- IATA: none; ICAO: none; FAA LID: M45;

Summary
- Airport type: Public
- Owner: Alpine County
- Serves: Markleeville, California
- Elevation AMSL: 5,867 ft (1,788 m)
- Coordinates: 38°44′05″N 119°46′01″W﻿ / ﻿38.73472°N 119.76694°W
- Interactive map of Alpine County Airport

Runways
| Direction | Length |  | Surface |
| ft | m |
| 17/35 | 4,443 | 1,354 | Asphalt |

Statistics (2007)
- Aircraft operations: 650
- Source: Federal Aviation Administration

= Alpine County Airport =

Alpine County Airport is a county-owned public-use airport located three nautical miles (6 km) north of the central business district of Markleeville, in Alpine County, California, United States.

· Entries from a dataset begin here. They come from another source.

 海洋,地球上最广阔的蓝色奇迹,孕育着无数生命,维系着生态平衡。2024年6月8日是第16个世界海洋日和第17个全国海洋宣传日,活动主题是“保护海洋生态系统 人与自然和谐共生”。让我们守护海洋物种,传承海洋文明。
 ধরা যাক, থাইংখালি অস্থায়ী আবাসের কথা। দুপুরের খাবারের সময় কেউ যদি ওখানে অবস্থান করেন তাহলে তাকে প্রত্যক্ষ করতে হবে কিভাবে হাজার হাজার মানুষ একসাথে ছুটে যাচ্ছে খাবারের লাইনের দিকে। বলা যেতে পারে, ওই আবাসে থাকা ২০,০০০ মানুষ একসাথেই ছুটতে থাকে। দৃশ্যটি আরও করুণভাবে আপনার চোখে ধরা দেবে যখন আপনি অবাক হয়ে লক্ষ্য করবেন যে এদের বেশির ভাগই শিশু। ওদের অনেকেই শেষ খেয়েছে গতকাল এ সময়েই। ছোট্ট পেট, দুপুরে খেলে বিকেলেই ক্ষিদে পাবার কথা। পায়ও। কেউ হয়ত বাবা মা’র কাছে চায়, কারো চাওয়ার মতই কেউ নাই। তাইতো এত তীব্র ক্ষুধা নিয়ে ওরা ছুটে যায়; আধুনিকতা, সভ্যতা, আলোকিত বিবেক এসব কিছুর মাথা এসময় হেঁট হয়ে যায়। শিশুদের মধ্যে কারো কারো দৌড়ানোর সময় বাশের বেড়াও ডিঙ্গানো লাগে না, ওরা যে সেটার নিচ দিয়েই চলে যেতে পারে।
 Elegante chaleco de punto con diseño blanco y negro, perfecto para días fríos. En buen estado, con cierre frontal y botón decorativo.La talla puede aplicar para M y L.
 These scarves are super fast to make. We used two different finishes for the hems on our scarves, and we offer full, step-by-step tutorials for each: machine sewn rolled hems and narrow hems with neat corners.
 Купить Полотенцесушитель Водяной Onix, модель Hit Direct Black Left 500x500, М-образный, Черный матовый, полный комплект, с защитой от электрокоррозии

It is in the eastern Sierra Nevada range and serves as a general aviation airport. The airport has a single runway, with an apron to park small light aircraft. The airport has no buildings, no lights and is rarely used, averaging only 54 aircraft movements per month.

It is the only operational airport in Alpine County.

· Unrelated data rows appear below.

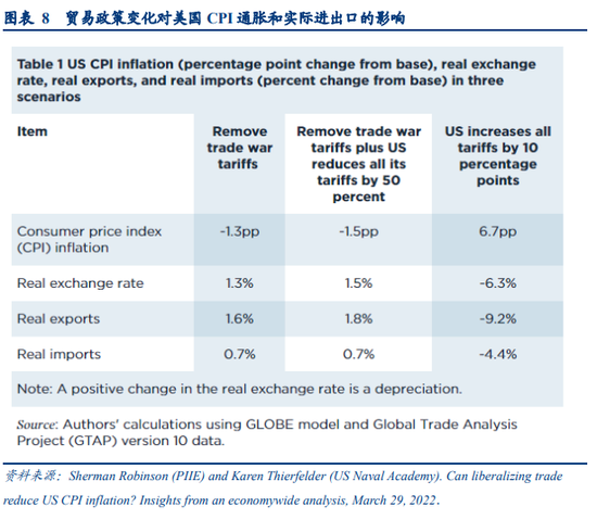 我们选取一篇今年3月美国PIIE发布的报告,这也是近期支持关税能够降低通胀时引用较多的一篇报告。该报告认为,1)如果中美两国取消关税、美国取消对所有国家的钢铝和加拿大软木木材的关税,美国的CPI通胀将较基础水平下降1.3个百分点。2)价格变化将是一次性事件,取消关税只会在取消的那一年降低价格。3)尽管取消关税不会解决与持续或加速过剩需求相关的宏观经济问题,但它可能会对价格造成暂时的下行冲击,这可能有助于抑制通胀预期。
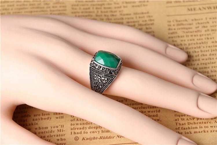 Turecki sygnet męski posrebrzany zielony 9 nr 35
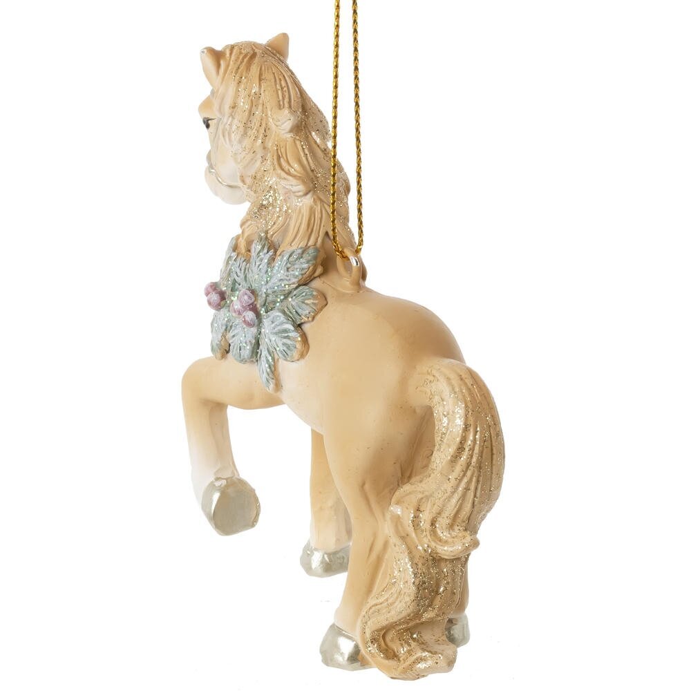 Декоративная фигурка "Лошадь" с подвесом — стильный и символичный элемент новогоднего декора. Выполненная из полимерных материалов и окрашенная в рыжий цвет, фигурка символизирует энергию, силу и процветание. Детальная проработка, золотой блеск и новогоднее украшение делают лошадку настоящей звездой праздничной ели. Идеально подойдёт для оформления интерьера дома или офиса, а также в качестве приятного сувенира для родных и близких.
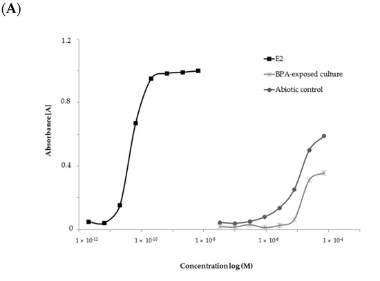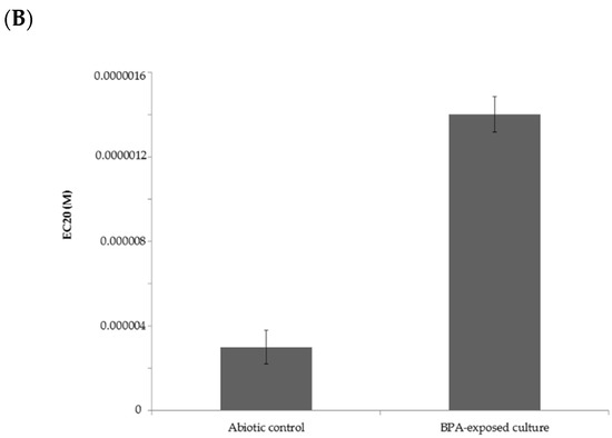 (A) ER dose-response curves and (B) EC20 (M) values for extracts of abiotic control and M. roridum IM 6482 culture cultivated in Czapek-Dox III medium containing the addition of BPA (50 mg·L−1).

== Facilities and aircraft ==
Alpine County Airport covers an area of 300 acre at an elevation of 5,867 feet (1,788 m) above mean sea level. It has one asphalt paved runway, designated 17/35, which measures 4,443 by 50 feet (1,354 x 15 m). For the 12-month period ending August 15, 2007, the airport had 650 aircraft operations, an average of 54 per month, all of which were general aviation.

The airport is closed during snow, due to no snow removal. Runway 17/35 is limited to 4800 lb single wheel and 9600 lb dual wheel aircraft.